To encrypt network traffic between client workstations and the Perforce server, configure your installation to use SSL. See Using SSL to encrypt connections to a Perforce server.
Password-based authentication
Plain-text password-based authentication is stateless; after a password
is correctly set, access is granted for indefinite time periods.
Passwords may be up to 1024 characters in length. To enforce password
strength and existence requirements, set the server security level. See
Server security levels for details. Plain-text password based authentication is
supported only at security levels 0
, 1
, and 2
.
The default minimum password length is eight characters. Minimum
password length is configurable by setting the dm.password.minlength
configurable. For example, to require passwords to be at least 16
characters in length, a superuser can run:
$ p4 configure set dm.password.minlength=16
To require users to change their passwords after a specified interval,
assign your users to at least one group and set the PasswordTimeout:
value for that group. For users in multiple groups, the largest defined
PasswordTimeout
(including unlimited
, but ignoring unset
) value
applies.
The p4 admin resetpassword
command forces specified users with
existing passwords to change their passwords before they can run another
command. (This command works only for users whose authMethod
is set to
perforce
. However, you can use it in a mixed environment, that is an
environment in which both Perforce-based and LDAP-based authentication
are enabled.)
Password strength requirements
Certain combinations of server security level and Perforce applications
require users to set "strong" passwords. A password is considered strong
if it is at least dm.password.minlength
characters long (by default,
eight characters), and at least two of the following are true:
- The password contains uppercase letters.

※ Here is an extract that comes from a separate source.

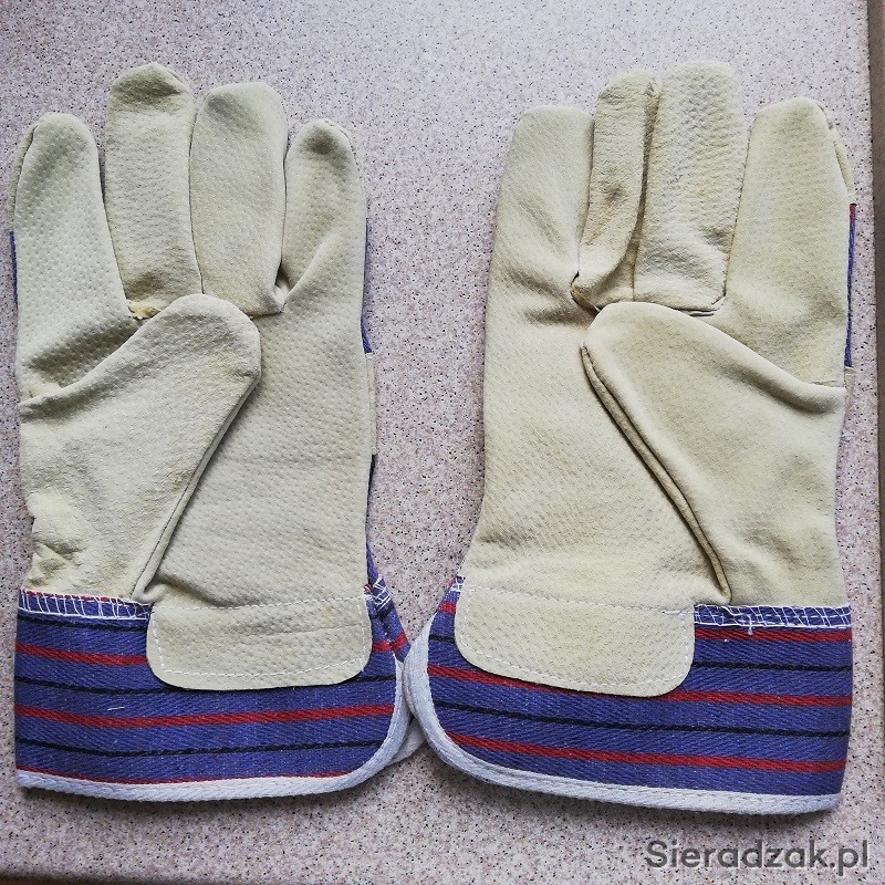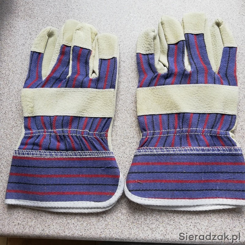 Do sprzedania rękawice robocze drelichowe wzmacniane skórą.

- The password contains lowercase letters.
- The password contains non-alphabetic characters.
For example, the passwords a1b2c3d4
, A1B2C3D4
, aBcDeFgH
are
considered strong in an environment in which dm.password.minlength
is
8, and security
is configurable to at least 2
.
You can configure a minimum password length requirement on a site-wide
basis by setting the dm.password.minlength
configurable. For example,
to require passwords to be at least 16 characters in length, a superuser
can run:
$ p4 configure set dm.password.minlength=16
Passwords may be up to 1,024 characters in length. The default minimum password length is eight characters.
Managing and resetting user passwords
Perforce superusers can manually set a Perforce user’s password with:
$ p4 passwd username
When prompted, enter a new password for the user.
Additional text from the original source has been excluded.